(Data section begins)

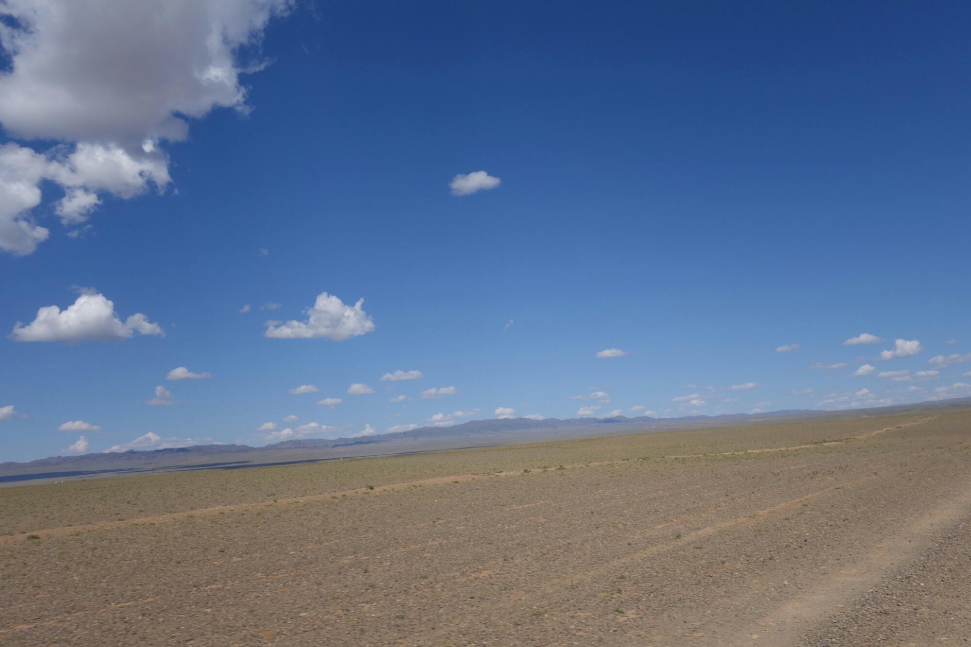 Stunden lang fahren wir weiter durch die Steppe bis irgendwann Sand zu sehen ist.
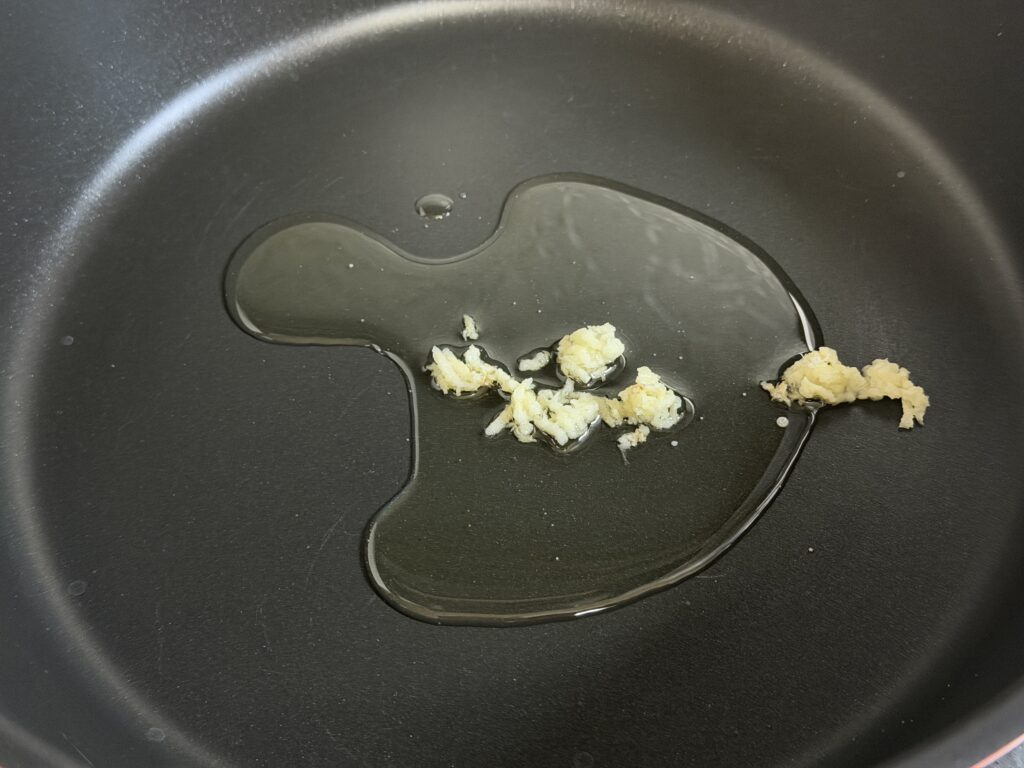 大きめの鍋に湯を沸かし、その隣でフライパンにサラダ油、そしてニンニクを投入。
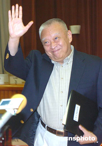 香港行政長官董建華12日夜晚到訪位于跑馬地黃泥涌道禮頓山社區(qū)會堂點票站開箱點票后﹐揮手向傳媒致意。
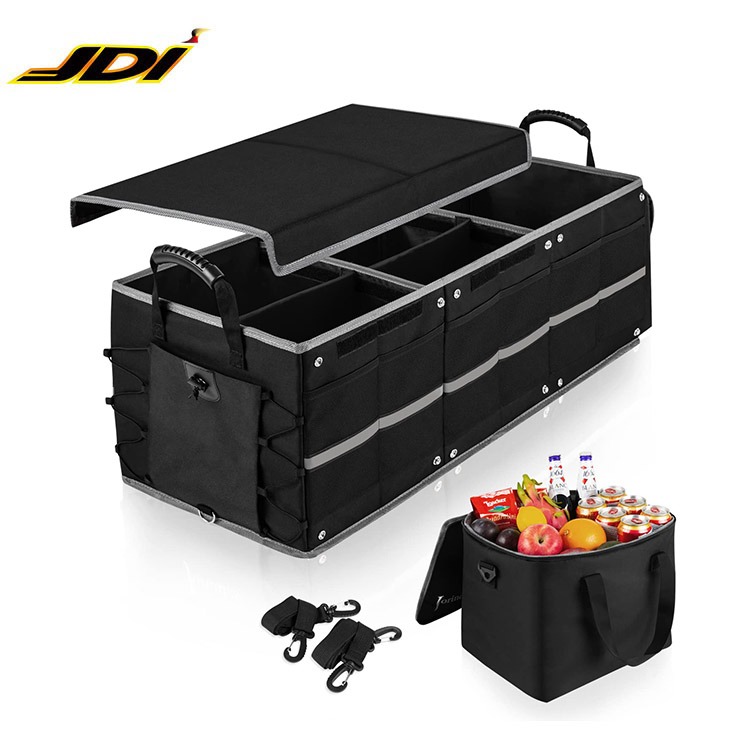 Collapsible Trunk Organizer for Car with Insulated Leak proof Cooler Bag
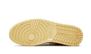 The Air Jordan 1 OG “Shattered Backboard 3.0” is the third release of the immensely sought-after “Shattered Backboard” colorway of the Air Jordan 1. The “Shattered Backboard” theme draws inspiration from an exhibition game in Italy in which Michael Jordan played during his rookie season. During the game, Jordan famously broke the glass of the backboard following a monstrous dunk. The first two iterations of the “Shattered Backboard” were a success due to their use of premium materials and eye-catching orange and black colorways. The “Shattered Backboard 3.0” falls in line with previous versions of the sneaker and adds new design features to stand out on its own. One noticeable difference is that a crinkled glossy patent leather upper replaces the leather found on the first two “Shattered Backboard” models. The black crinkled glossy leather is featured on the mid-panel, toe, and ankle collar. Pale Vanilla Starfish crinkled glossy leather adds bursts of color around the toe, quarter panel, Swoosh, and lateral heel. A black leather Wings logo sits near the collar. A vintage-inspired yellow sole gives the sneaker a lovingly worn in appearance.
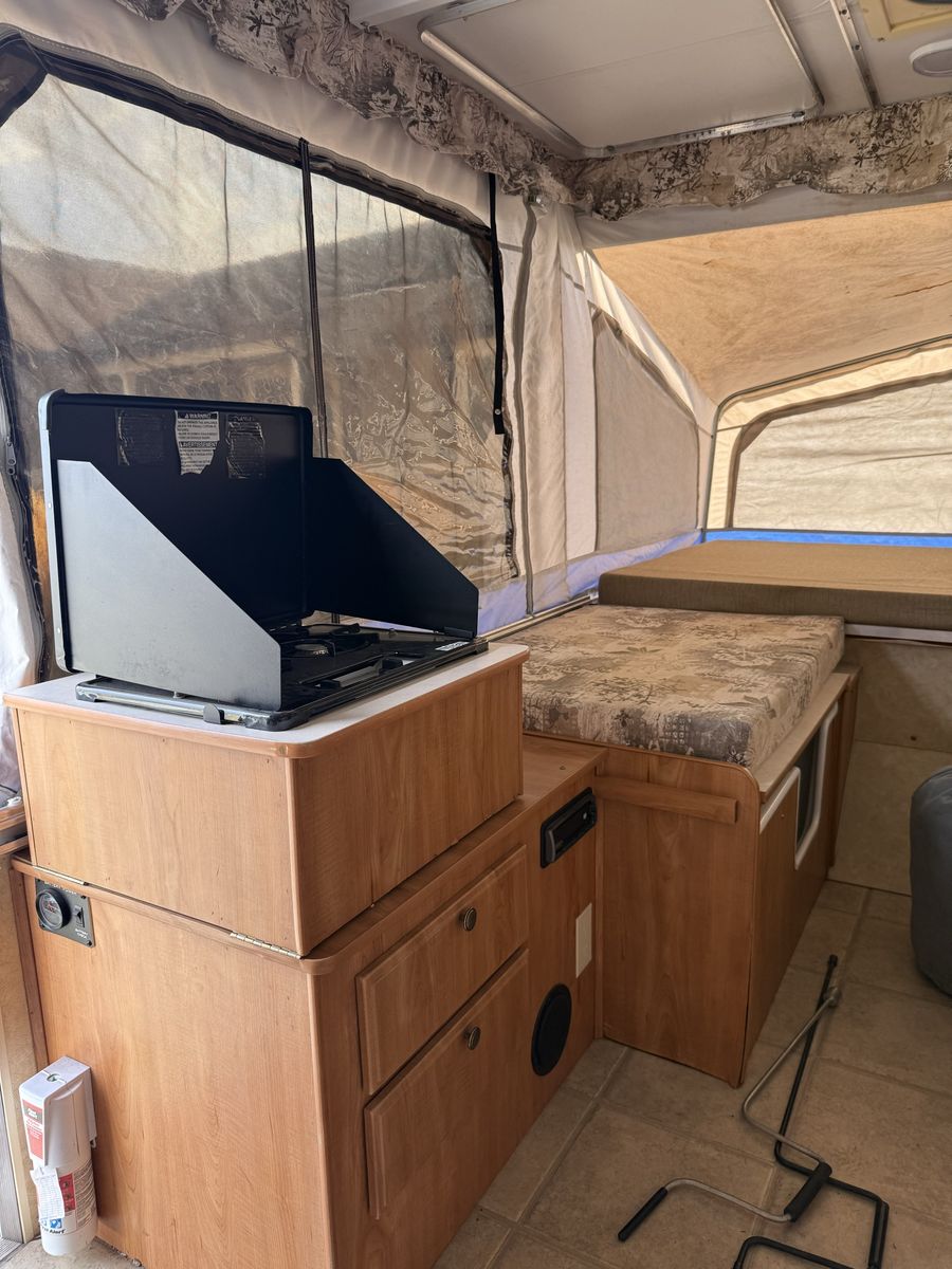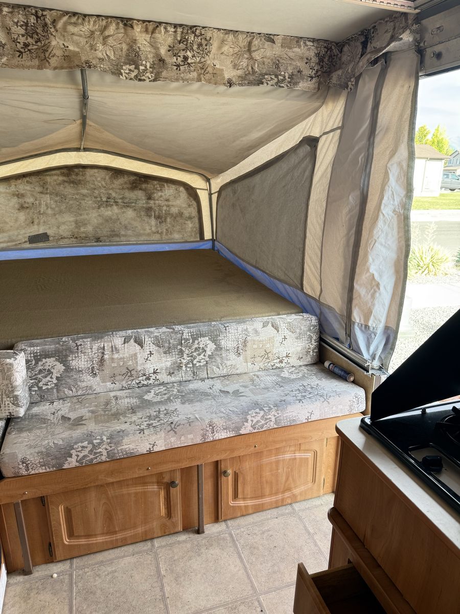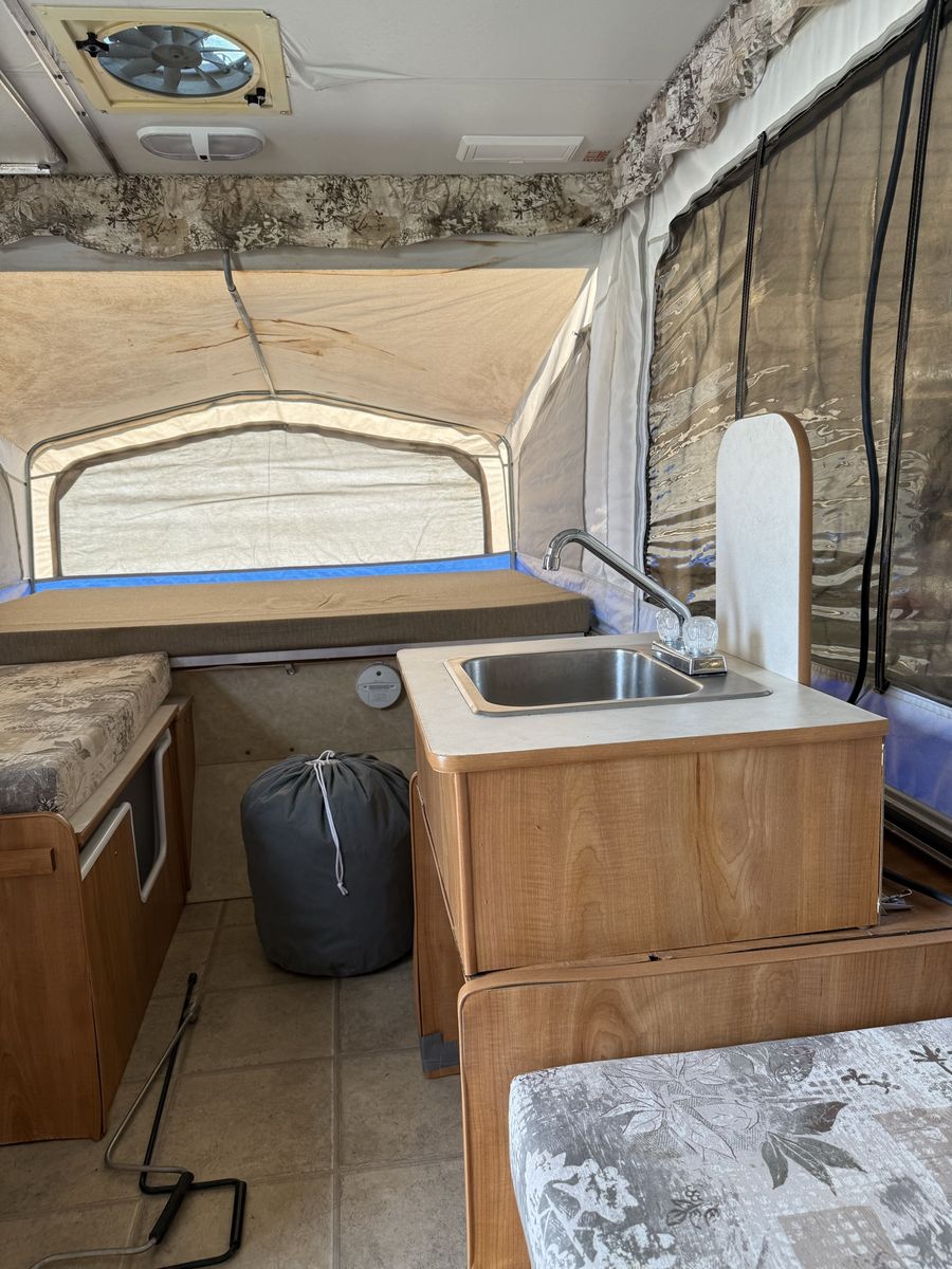 Roof needs to be resealed. Gasket on sink. And the toilet needs to be looked at. Working fine. Water heater,heater, stereo in and out new,winch for up and down, new propane regulators, air conditioner
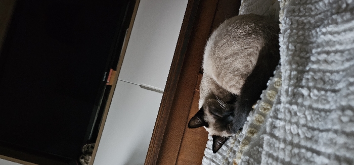 An indoor scene, located in Esch-sur-Alzette, Luxembourg, depicts a Siamese-type cat sleeping
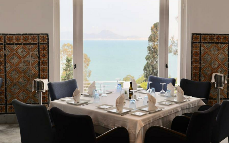 Surplombant la baie de Tunis, Villa Didon Carthage est un symbole de la haute gastronomie avec une cuisine internationale et une carte raffinée.
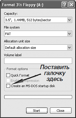 Среди опций форматирования имеется опция, которая называется Create an MS-DOS startup disk (Создать загрузочный диск MS-DOS). Выберите эту опцию и нажмите кнопку Start (Старт), чтобы отформатировать дискету. Windows XP отформатирует вашу дискету и скопирует на нее все файлы, которые нужны для запуска системы в среде DOS.
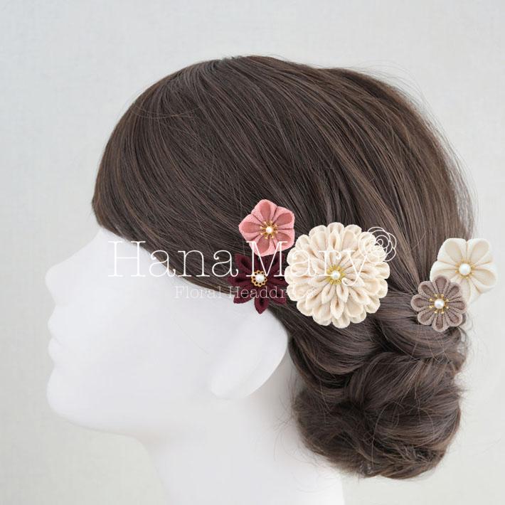 HanaMaryの髪飾りは生花をリアルに再現したアートフラワーと呼ばれるハイクオリティーな造花を使用しています。耐久性に優れ、成人式・卒業式やウェディングなどに何度でも繰り返し使用することができます。
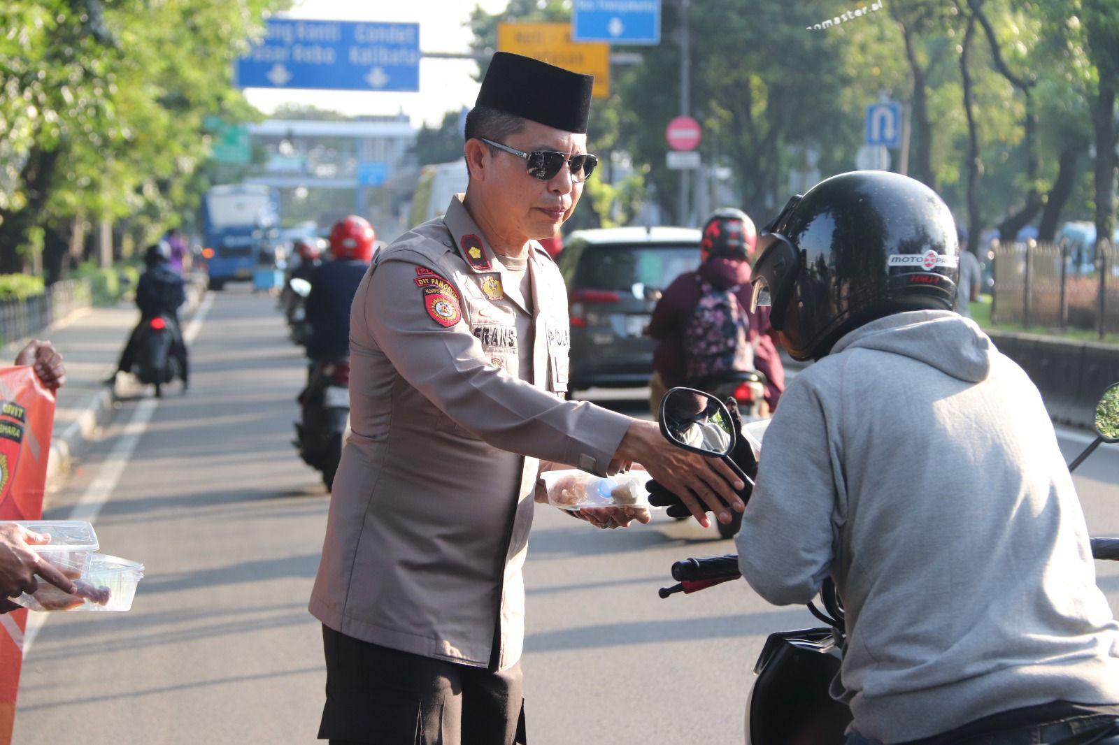 Pembagian takjil kepada para pengguna jalan dan masyarakat sekitar dimulai pada pukul 16.30 WIB. Masyarakat yang melintas tampak antusias menerima takjil yang dibagikan oleh personel Ditpamobvit Polda Metro Jaya.
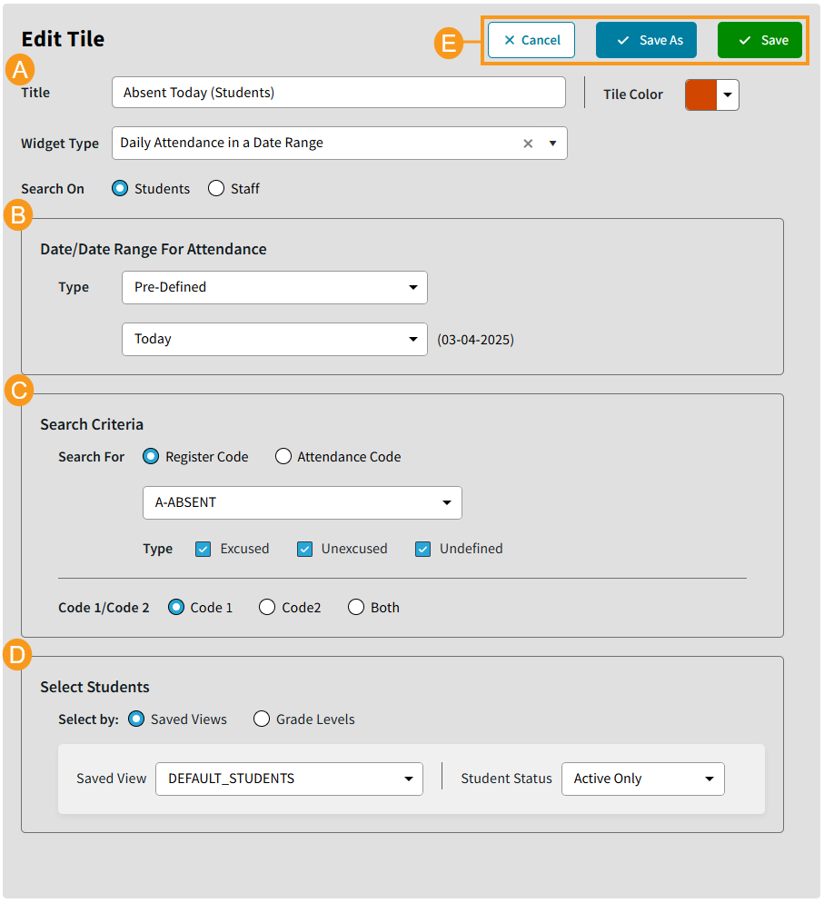 When editing a Tile, the available options will vary based on the Widget Type selected for that specific Tile. Some Widget Types may have less settings selections. In the example below, Daily Attendance in a Date Range is selected. Click edit

(Data section ends)

• Task goal: Would you copy the lines above exactly, starting with the one that has "香港行政長官董建華12日夜晚" and ending with the one that has "Collapsible Trunk Organizer", both included, without the pictures?

• Answer to this problem:
 香港行政長官董建華12日夜晚到訪位于跑馬地黃泥涌道禮頓山社區(qū)會堂點票站開箱點票后﹐揮手向傳媒致意。
 Collapsible Trunk Organizer for Car with Insulated Leak proof Cooler Bag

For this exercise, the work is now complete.